• GOAL OF THE EXERCISE:
Write out the records once more, exactly, and keep any image out.

Data extracted from a collection:
--*--
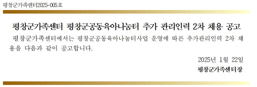 평창군공동육아나눔터 추가관리인력 채용 공고
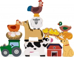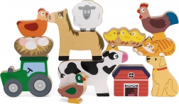 Kůň, kráva, kachna, pes, kočka, slepice, ovečka, traktor, stodola a další – ideální pro skládání, třídění i volnou hru.
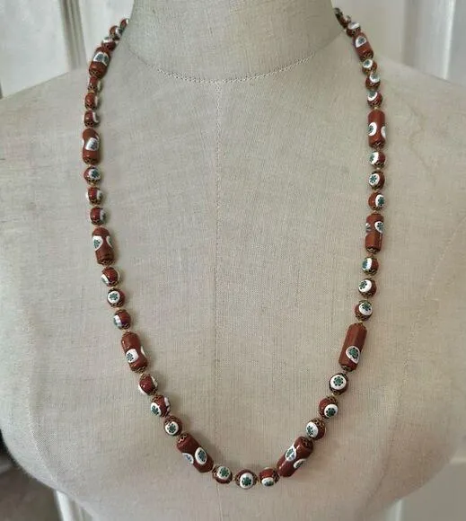 🌸 Vintage Venetian Glass Beaded Necklace - Caramel Brown Millefiori Beads 🌸 A beautiful vintage t... Show more
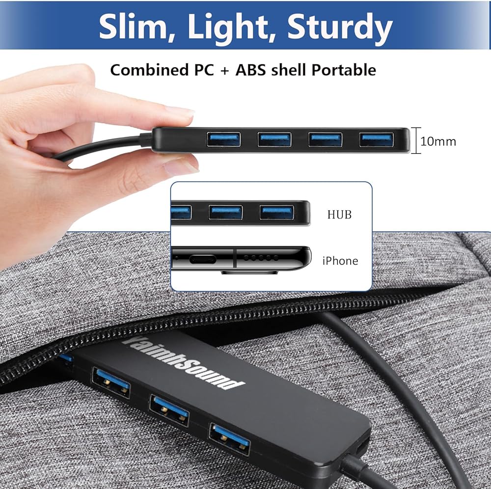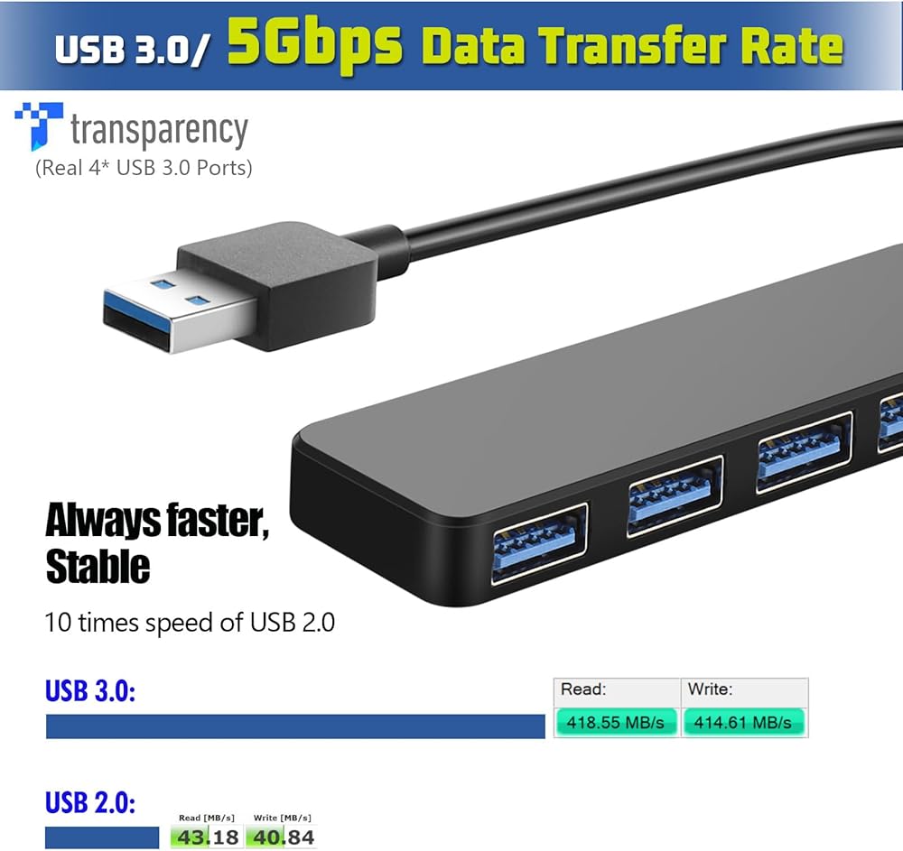 * سرعة USB3.0 فائقة: مع USB3.0 عالي الكفاءة، يوفر مقسم USB ذو 4 منافذ T-Sound نقل بيانات ثابت بسرعة 5 جيجابت في الثانية ويتوافق مع 2.0/1.0. تم اختبار سرعة القراءة والكتابة عند 371.19 ميجابايت/ثانية، و245.97 ميجابايت/ثانية مع جهاز USB3.0، و43.18 ميجابايت/ثانية، و40.84 ميجابايت/ثانية مع جهاز USB2.0.
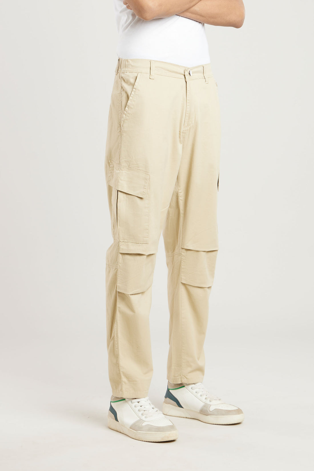 Regular-fit cargo trousers in cotton twill with sewn-in pleats at the knees. Covered elastication at...
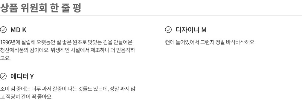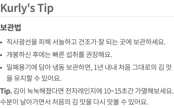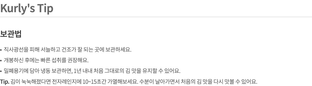 | 소비기한(또는 유통기한)정보 | 상품설명/상세정보 참조 |
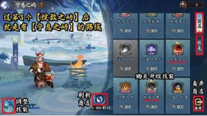 初始必选「绽放之舞」作为核心输出技,后续节点优先强化紧那罗系列技能。系统式神技能无需刻意培养,重点提升主战式神关键技能等级。推荐战斗增益选择序列:
--*--
• ANSWER:
 평창군공동육아나눔터 추가관리인력 채용 공고
 Kůň, kráva, kachna, pes, kočka, slepice, ovečka, traktor, stodola a další – ideální pro skládání, třídění i volnou hru.
 🌸 Vintage Venetian Glass Beaded Necklace - Caramel Brown Millefiori Beads 🌸 A beautiful vintage t... Show more
 * سرعة USB3.0 فائقة: مع USB3.0 عالي الكفاءة، يوفر مقسم USB ذو 4 منافذ T-Sound نقل بيانات ثابت بسرعة 5 جيجابت في الثانية ويتوافق مع 2.0/1.0. تم اختبار سرعة القراءة والكتابة عند 371.19 ميجابايت/ثانية، و245.97 ميجابايت/ثانية مع جهاز USB3.0، و43.18 ميجابايت/ثانية، و40.84 ميجابايت/ثانية مع جهاز USB2.0.
 Regular-fit cargo trousers in cotton twill with sewn-in pleats at the knees. Covered elastication at...
 | 소비기한(또는 유통기한)정보 | 상품설명/상세정보 참조 |
 初始必选「绽放之舞」作为核心输出技,后续节点优先强化紧那罗系列技能。系统式神技能无需刻意培养,重点提升主战式神关键技能等级。推荐战斗增益选择序列:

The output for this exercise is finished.